İstanbul Bakışlı Adam
İstanbul'u içiyorum 
Bir fincan kahve tadında 
Havada isyan notaları dolaşıyor 
Bulutlarda hüzzam bir beste 
Bakışların geliyor önce aklıma 
Sonra burnuma yosun kokusu 
İstanbul'u demliyorum 
Bakır bir semaverin 
Porselen demliğinde 
Gönlüm sancılı, kalbim yaralı 
İçim acıyor, sesin kaybolalı 
Senli akşamlardan geçip 
Dönüyorum köşeyi 
Şuradaki balıkçı Veli dede değil mi? 
Salmış oltasını denize 
Sessiz sakin 
Sigarasını tüttürmekte 
İstanbul'u seyrediyorum 
Sen gibi akşamlarda 
Karşıda Topkapı Sarayı 
Ağına takılmış da çırpınır Kız Kulesi 
Ağlamaklı 
Uzakta adalar görünüyor, göz kırpar gibi 
Hangisi sen kadar güzel ki 
İstanbul'un sayfalarında geziniyorum 
Eski bir hikayeyi yaşar gibi 
Kabataş'tan geçiyorum sıkıştırarak adımlarımı 
Galata'da balık ekmek 
Martılara simit kırıntıları 
Eminönünde güvercinlere saçıyorum benden kalanları 
Boğazın sularına dalıp gitmek vardı şimdi 
Ya da bir salıncak kurup köprü ayaklarına 
Sallanmak aldırmadan, gelip geçene 
İstanbul bakışlı adam 
Yüreğim sana yaralı 
Sen kokuyor sahili 
Sen açıyor yıldızları 
İstanbul kadar çılgın 
İstanbul kadar gizemli 
Düşlerimde seni dinliyorum 
İstanbul'u ise geceleri 
...27.01.2007

Eylül hanım her zaman gibi döktürmüssünüz kaleminizin hünerini kağıtta buna beyaz kağıt ne yapsın.
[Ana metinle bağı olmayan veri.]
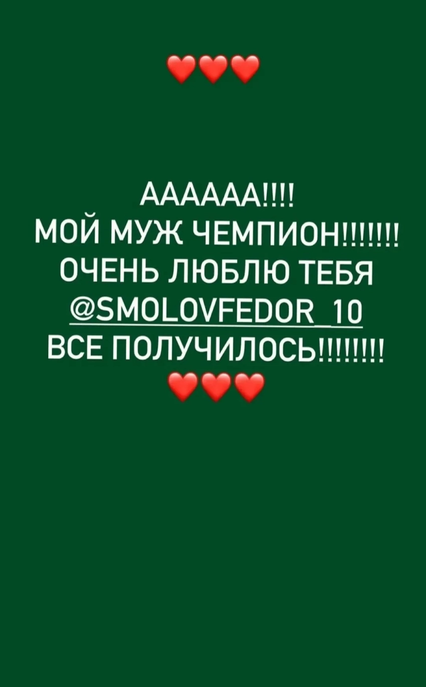 Напомним, что одним из игроков “Краснодара” является Федор Смолов. Он уже опубликовал в соцсетях фото с золотой медалью. А его жена Карина Истомина публично поздравила его: “Мой муж — чемпион! Очень люблю тебя! Все получилось!”.

Saygılarımla
İstanbul büyüklüğü kadar insanlara farklı izler ve farklı duygular bırakır. kimi o geçmişten kalan güzellikleri yaşar duyar ve yazar kimi ayrılıkları kimi de aşkı açlığı soğuğu... edebiyatta çok az şehir vardır şiire tema olan ama istanbul dünyada en çok şiir yazılan şehir.
İçimde ayak izlerim şiirimde ben acıyı duydum. 'kalın hisardan bir taş örtü üşümesin diye çekiliyken İstanbul'a satmışım anasını böyle paltonun kış tepelerden sızı yağdırır aklımda sadece sıcak bir yer sevgilim sen mesela' ... Şair o doğa ve kültürel güzellikler dalmış ve istanbul kadar istanbul'u istan bul yapan insana yazmış şiirini; ama geride kalan unutulmaz tatlarla renklenmiş şiiri. Böylece İstanbul bir şiir daha eklemiş şiir hanesine tebrikler Eylül hanım.